Такое предложение мужа княгиню в ужас привело: как! Быть разводкой?.. Потерять положение в обществе?.. Не видеть, наконец, князя всю жизнь?.. Но за что же все это?.. Что она сделала против него?..
- Нет, князь, я не желаю с вами расходиться, - проговорила она, и рыдания заглушили ее слова.
- Отчего же? - спросил князь каким-то трудным голосом.
- Оттого... оттого... - рыдания княгини все усиливались и усиливались, - оттого, что я, несчастная, люблю еще вас! - почти прокричала она.

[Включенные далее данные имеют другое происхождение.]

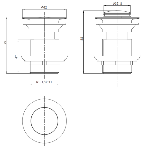 Pop up Waste No Overflow Brass & Chrome SKU: BW002
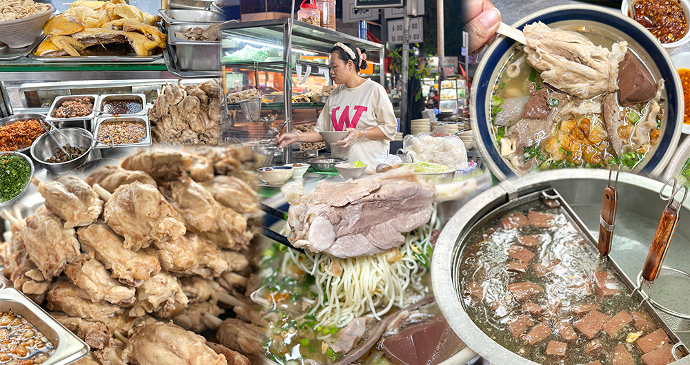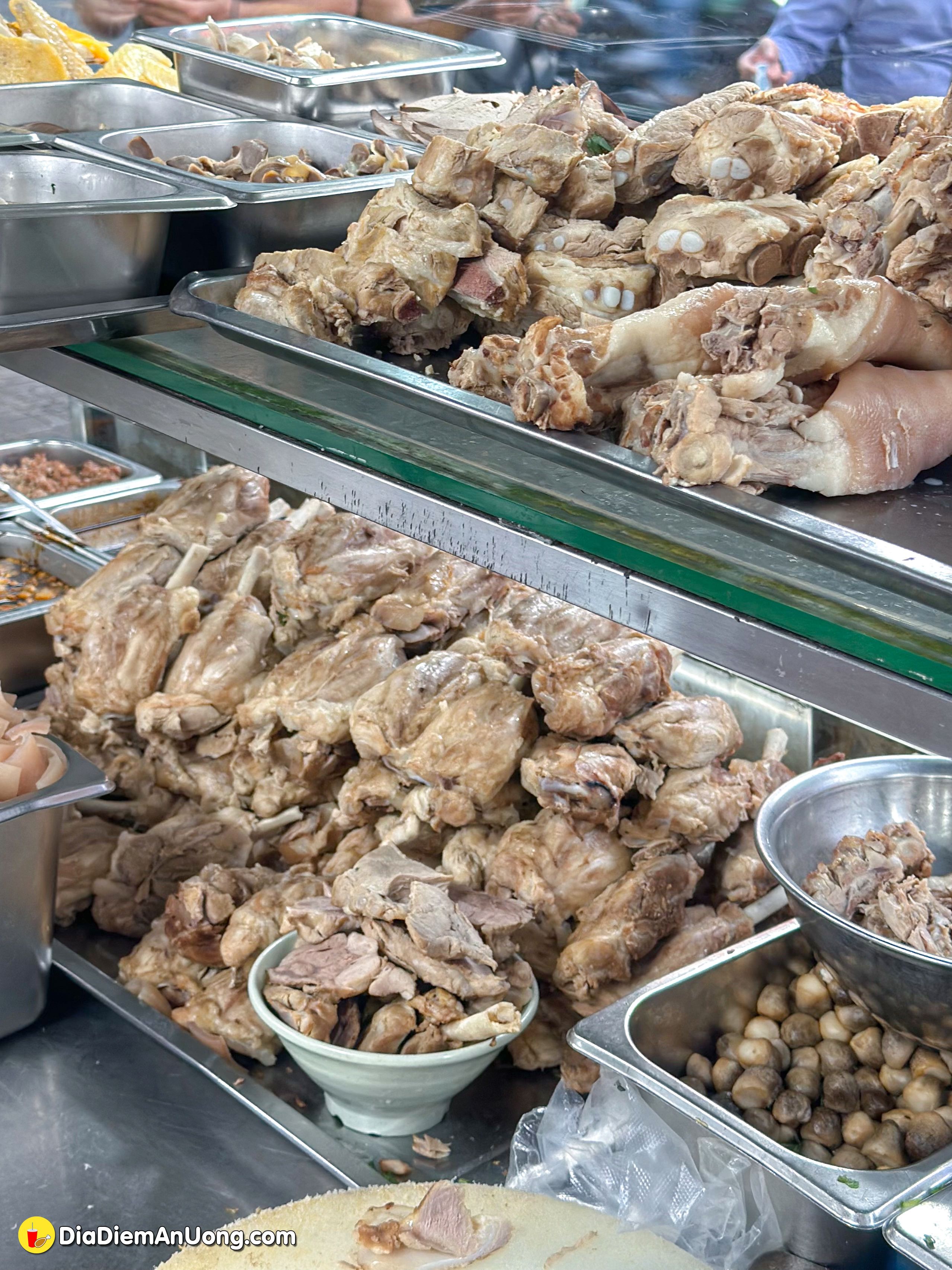 Dàn topping thì ê hề: đồ lòng, sườn cọng, xí quách, đuôi heo, rồi gà, trứng non,….
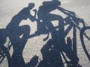 We pick up a lot of riders heading on Road 89 out to Winters. The best spot to wheel suck is behind a fast moving tandem and everyone was on it. We caught up with Paul and rode steadily along with a tailwind. The sun had risen and I caught a glimpse of the tandem’s shadow, pretty cool looking. I snapped a shot of that with Paul’s shadow along with ours. We left the group at the turn onto128 for a brief stop.

Князь при этом потемнел даже весь в лице: если бы княгиня продолжала сердиться и укорять его, то он, вероятно, выдержал бы это стойко, но она рыдала и говорила, что еще любит его, - это было уже превыше сил его.
- Пощадите и вы меня тоже! - едва выговорил он и, растирая грудь, подошел к открытому окну, как бы затем, чтобы вдохнуть в себя свежего воздуха.
Такое проявление чувства в муже княгиня сейчас же подметила, и это ее порадовало: рыдания ее стали мало-помалу утихать.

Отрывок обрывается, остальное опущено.